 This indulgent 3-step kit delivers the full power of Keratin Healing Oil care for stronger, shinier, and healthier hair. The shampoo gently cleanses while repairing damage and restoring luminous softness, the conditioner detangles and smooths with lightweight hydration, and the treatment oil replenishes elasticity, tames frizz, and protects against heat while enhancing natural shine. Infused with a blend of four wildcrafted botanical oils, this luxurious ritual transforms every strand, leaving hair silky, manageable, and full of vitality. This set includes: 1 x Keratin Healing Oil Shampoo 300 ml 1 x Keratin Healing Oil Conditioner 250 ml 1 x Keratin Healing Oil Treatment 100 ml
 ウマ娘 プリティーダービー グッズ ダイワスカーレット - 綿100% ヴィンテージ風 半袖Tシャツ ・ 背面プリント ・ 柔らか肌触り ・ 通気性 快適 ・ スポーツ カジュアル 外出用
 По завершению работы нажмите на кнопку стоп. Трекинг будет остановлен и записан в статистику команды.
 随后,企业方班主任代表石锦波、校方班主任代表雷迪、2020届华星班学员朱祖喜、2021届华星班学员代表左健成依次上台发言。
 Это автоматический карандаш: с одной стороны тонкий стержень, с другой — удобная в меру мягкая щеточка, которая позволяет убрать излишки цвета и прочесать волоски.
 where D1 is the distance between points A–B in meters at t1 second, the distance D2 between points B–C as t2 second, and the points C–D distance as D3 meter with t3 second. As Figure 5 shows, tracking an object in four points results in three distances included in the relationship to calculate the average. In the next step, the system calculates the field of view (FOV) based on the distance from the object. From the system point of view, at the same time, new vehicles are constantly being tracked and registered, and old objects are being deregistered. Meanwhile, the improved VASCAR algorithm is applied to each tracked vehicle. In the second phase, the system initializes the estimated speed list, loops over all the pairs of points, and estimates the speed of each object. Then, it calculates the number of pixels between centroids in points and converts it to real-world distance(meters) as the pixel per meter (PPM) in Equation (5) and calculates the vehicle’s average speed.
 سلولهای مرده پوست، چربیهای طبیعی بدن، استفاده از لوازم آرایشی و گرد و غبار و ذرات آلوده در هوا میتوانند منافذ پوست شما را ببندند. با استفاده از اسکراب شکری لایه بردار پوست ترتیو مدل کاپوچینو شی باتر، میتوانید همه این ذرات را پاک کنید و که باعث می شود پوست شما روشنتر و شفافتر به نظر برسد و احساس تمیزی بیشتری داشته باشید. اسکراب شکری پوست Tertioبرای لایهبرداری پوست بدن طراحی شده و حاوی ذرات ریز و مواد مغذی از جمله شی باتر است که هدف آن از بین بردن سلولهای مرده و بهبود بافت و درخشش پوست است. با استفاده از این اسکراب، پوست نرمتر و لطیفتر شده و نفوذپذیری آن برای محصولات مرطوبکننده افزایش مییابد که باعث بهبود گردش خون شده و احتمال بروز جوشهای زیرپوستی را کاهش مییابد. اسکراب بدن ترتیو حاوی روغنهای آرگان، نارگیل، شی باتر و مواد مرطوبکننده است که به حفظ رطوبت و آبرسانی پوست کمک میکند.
□ □ □ □
▸ **HOW TO COMPLETE THIS TASK**: Write out every record shown above, word for word.

▸ **THE ANSWER**:
 This indulgent 3-step kit delivers the full power of Keratin Healing Oil care for stronger, shinier, and healthier hair. The shampoo gently cleanses while repairing damage and restoring luminous softness, the conditioner detangles and smooths with lightweight hydration, and the treatment oil replenishes elasticity, tames frizz, and protects against heat while enhancing natural shine. Infused with a blend of four wildcrafted botanical oils, this luxurious ritual transforms every strand, leaving hair silky, manageable, and full of vitality. This set includes: 1 x Keratin Healing Oil Shampoo 300 ml 1 x Keratin Healing Oil Conditioner 250 ml 1 x Keratin Healing Oil Treatment 100 ml
 ウマ娘 プリティーダービー グッズ ダイワスカーレット - 綿100% ヴィンテージ風 半袖Tシャツ ・ 背面プリント ・ 柔らか肌触り ・ 通気性 快適 ・ スポーツ カジュアル 外出用
 По завершению работы нажмите на кнопку стоп. Трекинг будет остановлен и записан в статистику команды.
 随后,企业方班主任代表石锦波、校方班主任代表雷迪、2020届华星班学员朱祖喜、2021届华星班学员代表左健成依次上台发言。
 Это автоматический карандаш: с одной стороны тонкий стержень, с другой — удобная в меру мягкая щеточка, которая позволяет убрать излишки цвета и прочесать волоски.
 where D1 is the distance between points A–B in meters at t1 second, the distance D2 between points B–C as t2 second, and the points C–D distance as D3 meter with t3 second. As Figure 5 shows, tracking an object in four points results in three distances included in the relationship to calculate the average. In the next step, the system calculates the field of view (FOV) based on the distance from the object. From the system point of view, at the same time, new vehicles are constantly being tracked and registered, and old objects are being deregistered. Meanwhile, the improved VASCAR algorithm is applied to each tracked vehicle. In the second phase, the system initializes the estimated speed list, loops over all the pairs of points, and estimates the speed of each object. Then, it calculates the number of pixels between centroids in points and converts it to real-world distance(meters) as the pixel per meter (PPM) in Equation (5) and calculates the vehicle’s average speed.
 سلولهای مرده پوست، چربیهای طبیعی بدن، استفاده از لوازم آرایشی و گرد و غبار و ذرات آلوده در هوا میتوانند منافذ پوست شما را ببندند. با استفاده از اسکراب شکری لایه بردار پوست ترتیو مدل کاپوچینو شی باتر، میتوانید همه این ذرات را پاک کنید و که باعث می شود پوست شما روشنتر و شفافتر به نظر برسد و احساس تمیزی بیشتری داشته باشید. اسکراب شکری پوست Tertioبرای لایهبرداری پوست بدن طراحی شده و حاوی ذرات ریز و مواد مغذی از جمله شی باتر است که هدف آن از بین بردن سلولهای مرده و بهبود بافت و درخشش پوست است. با استفاده از این اسکراب، پوست نرمتر و لطیفتر شده و نفوذپذیری آن برای محصولات مرطوبکننده افزایش مییابد که باعث بهبود گردش خون شده و احتمال بروز جوشهای زیرپوستی را کاهش مییابد. اسکراب بدن ترتیو حاوی روغنهای آرگان، نارگیل، شی باتر و مواد مرطوبکننده است که به حفظ رطوبت و آبرسانی پوست کمک میکند.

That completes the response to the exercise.